I think that Brussels has to be very, very clear what the consequences will be if President Erdoğan continues this irresponsible blackmail-type behavior. That might include suspending the functioning of the customs union that we have. In any case, first, the blackmail stops and then we discuss additional assistance for what is, partly, a legitimate claim on the part of Turkey.

You say it's blackmail and perhaps some of those refugees are from Afghanistan and other parts that have nothing to do with Idlib. And maybe some of them have been in Turkey for a few years. But don't you see the humanitarian side of allowing the borders to be open so these people, many of them, can reach freedom and opportunities that they've been deprived of?

Yes, of course, we see the humanitarian side. Greece has come out of its great depression only recently. And yet in the past three or four years, it has shown an unprecedented and disproportionate amount of solidarity. Disproportionate not to the need or to the sensitivity that we have to human pain, but disproportionate to its size and capacity, both geographically and financially and economically, and has received a very large amount of migrants and refugees and would continue to do so. In fact, this is now impossible. When you have 20,000 people arriving, you cannot give them the individual attention that's required to examine an asylum application, which is why in this asymmetrical and emergency circumstance, we have suspended taking applications.

Related: 4 years on, a Syrian refugee family still torn by US policy 

Is that appropriate right now?

I think that's proportional to what's going on.

So, do these migrants have to be settled elsewhere in Europe?

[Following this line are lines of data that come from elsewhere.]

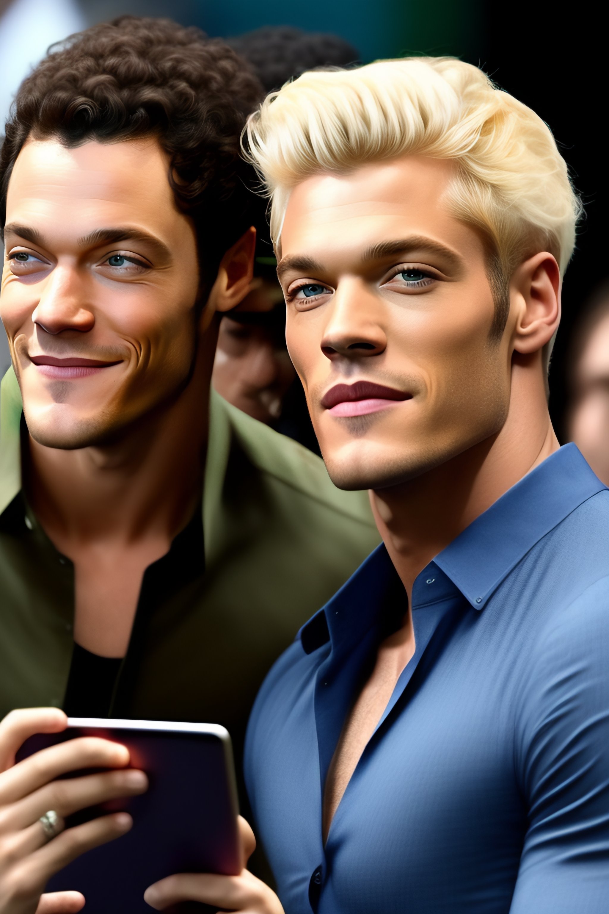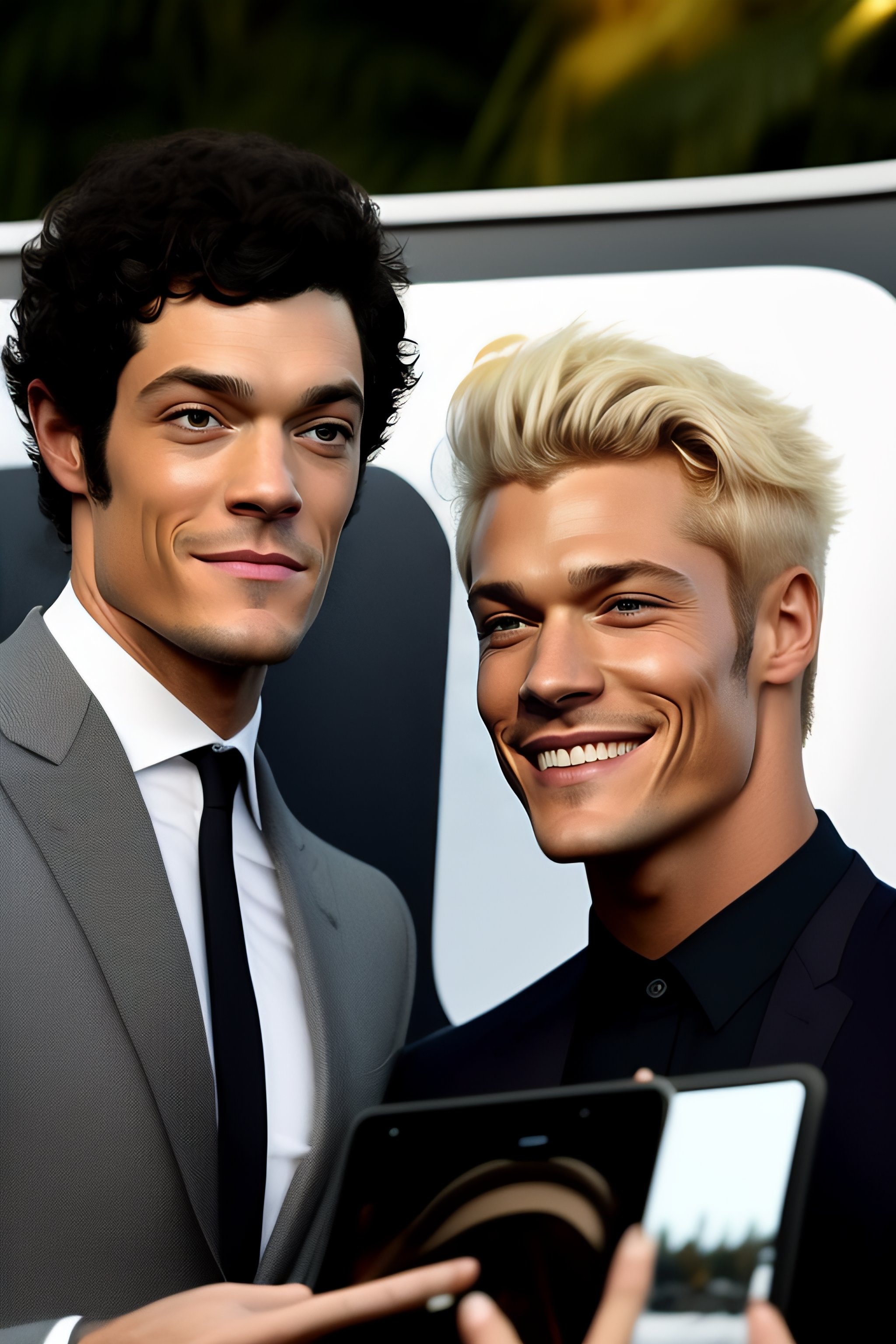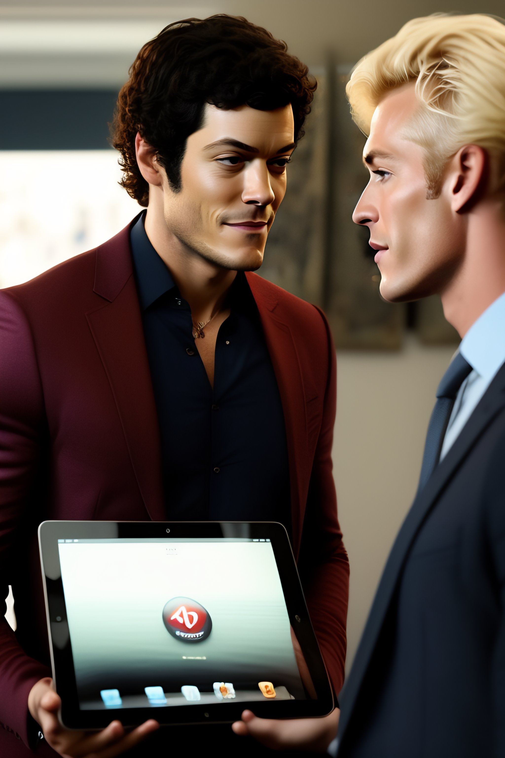 Actor adam brody is surprised to see the face of a male blonde friend of his on his ipad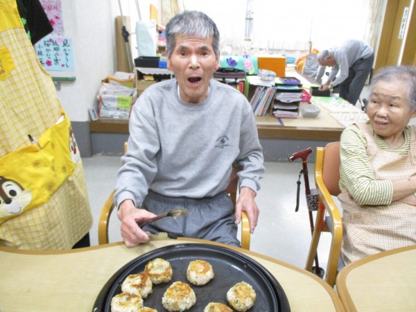 皆様に手伝って頂き、焼きおにぎりを作ってみました!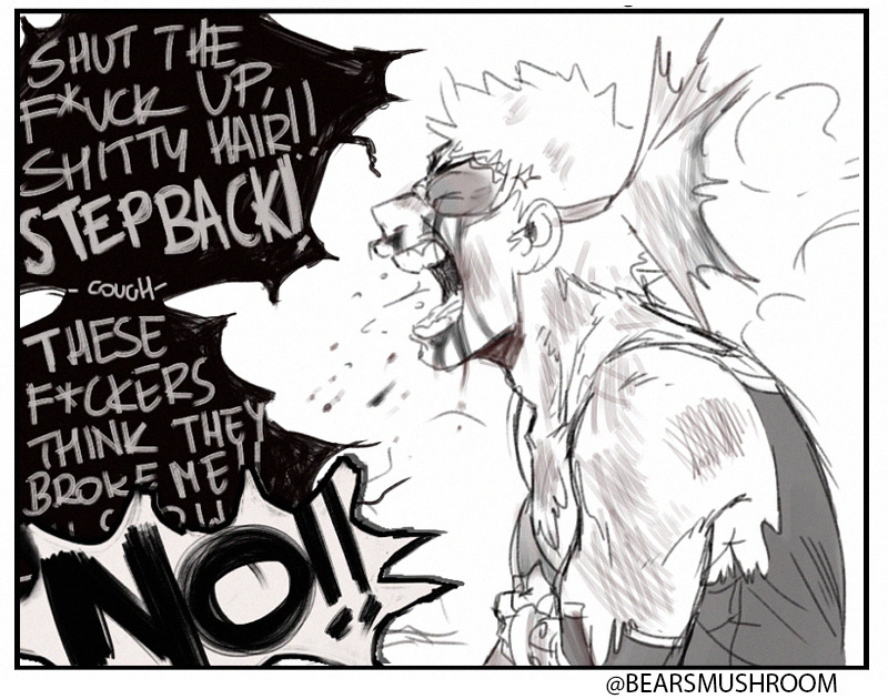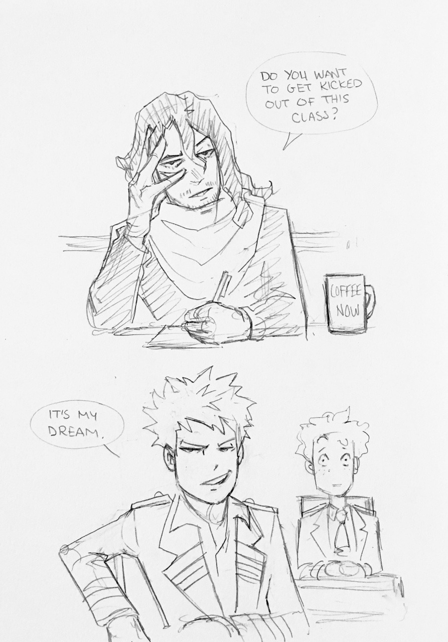 I feel like the next panel is Kacchan being thrown in the hallway by Aizawa’s giant murder scarf.

Clearly, there has to be a fair reallocation scheme, fair in terms of what can be accepted by each country based on their size and their financial capability. So, yes, they have to be resettled through Europe. And then also, let's not forget what the source of this problem is. The source of this problem is what's going on in Syria. So, the diplomatic efforts of the European Union have to focus on helping with the situation in Syria.

This interview has been edited and condensed for clarity. Reuters contributed reporting.